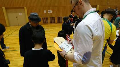 カードづくり、RingToss等、色々なブースに分かれていましたが、本校のC-NETのMathew Galeさんを見つけた時には、子どもたも大喜びでした。
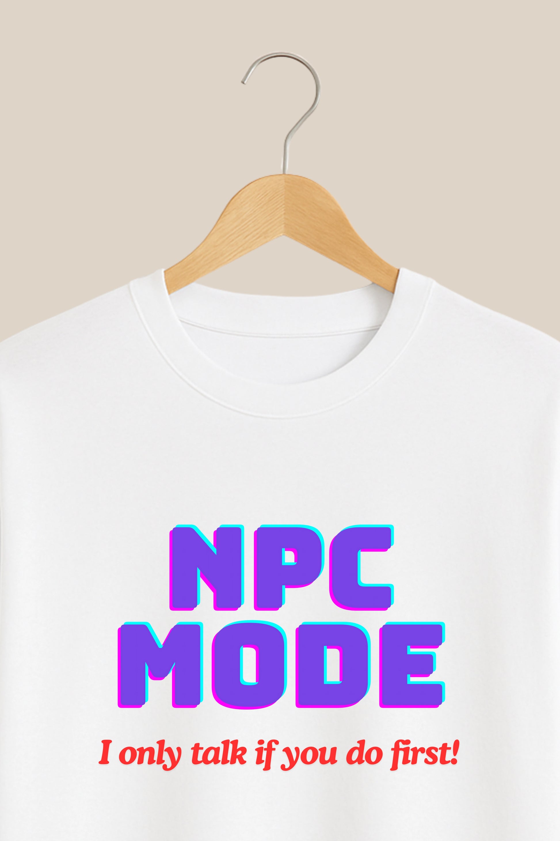 This premium oversized 100% cotton white t-shirt blends gamer culture with sharp word art design. The bold text NPC MODE is styled in retro pixel typography, with the tagline “I only talk if you do first” completing the look. It’s minimal, witty, and instantly relatable for gamers and meme lovers alike.
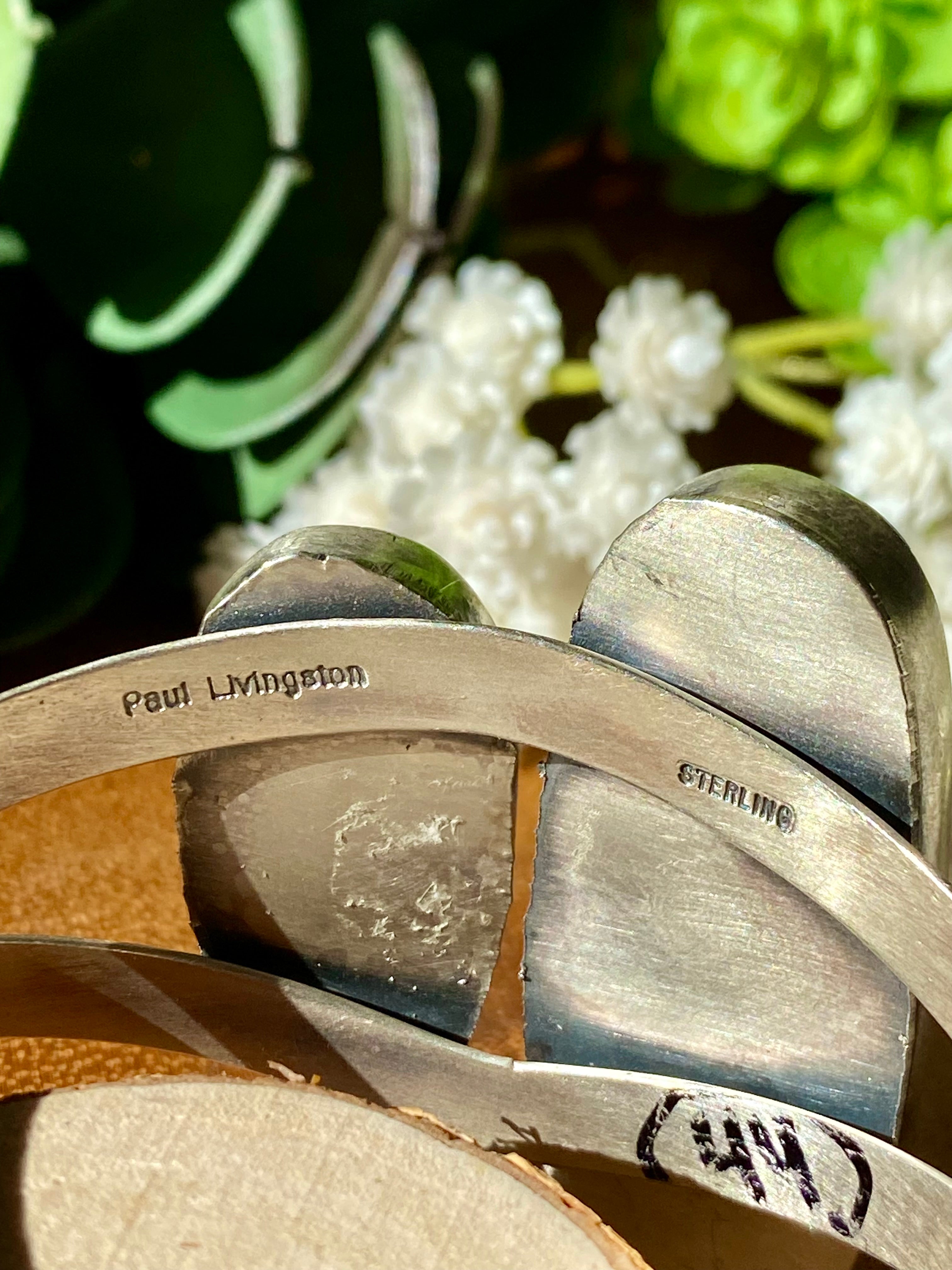 Paul Livingston Mixed Turquoise & Sterling Silver Cuff Bracelet. It measures just over 1 3/4 inches wide with an inside circumference just over 5 5/8 inches and a gap of 1 1/8 inch. Signed by the artist and stamped sterling silver.
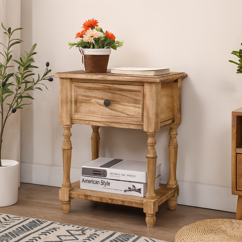 El Velador Provenza Miel 1 Cajón combina la calidez del estilo provenzal con una construcción robusta en madera maciza de tung, destacada por un acabado tono miel que realza sus vetas naturales. Su diseño rústico–elegante, con patas torneadas y líneas clásicas, lo convierte en una pieza decorativa y funcional que aporta carácter a cualquier dormitorio o espacio interior.
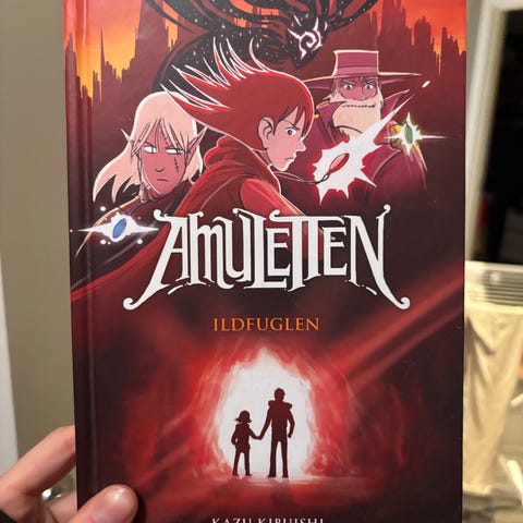 Kazu Kibuishi Amuletten Alveprinsen bok. Norsk utgave av tegneserieromanen «Amuletten: Alveprinsen». Innbundet bok med illustrert omslag. Boken tilhører fantasy-serien «Amuletten» og inneholder fargerike tegninger og tekst i tegneserieformat. Passer for barn og unge som liker fantasy og grafiske romaner.

● Exercise brief
When you write out the material again, keep every word exact and omit the pictures.

● Response
 カードづくり、RingToss等、色々なブースに分かれていましたが、本校のC-NETのMathew Galeさんを見つけた時には、子どもたも大喜びでした。
 This premium oversized 100% cotton white t-shirt blends gamer culture with sharp word art design. The bold text NPC MODE is styled in retro pixel typography, with the tagline “I only talk if you do first” completing the look. It’s minimal, witty, and instantly relatable for gamers and meme lovers alike.
 Paul Livingston Mixed Turquoise & Sterling Silver Cuff Bracelet. It measures just over 1 3/4 inches wide with an inside circumference just over 5 5/8 inches and a gap of 1 1/8 inch. Signed by the artist and stamped sterling silver.
 El Velador Provenza Miel 1 Cajón combina la calidez del estilo provenzal con una construcción robusta en madera maciza de tung, destacada por un acabado tono miel que realza sus vetas naturales. Su diseño rústico–elegante, con patas torneadas y líneas clásicas, lo convierte en una pieza decorativa y funcional que aporta carácter a cualquier dormitorio o espacio interior.
 Kazu Kibuishi Amuletten Alveprinsen bok. Norsk utgave av tegneserieromanen «Amuletten: Alveprinsen». Innbundet bok med illustrert omslag. Boken tilhører fantasy-serien «Amuletten» og inneholder fargerike tegninger og tekst i tegneserieformat. Passer for barn og unge som liker fantasy og grafiske romaner.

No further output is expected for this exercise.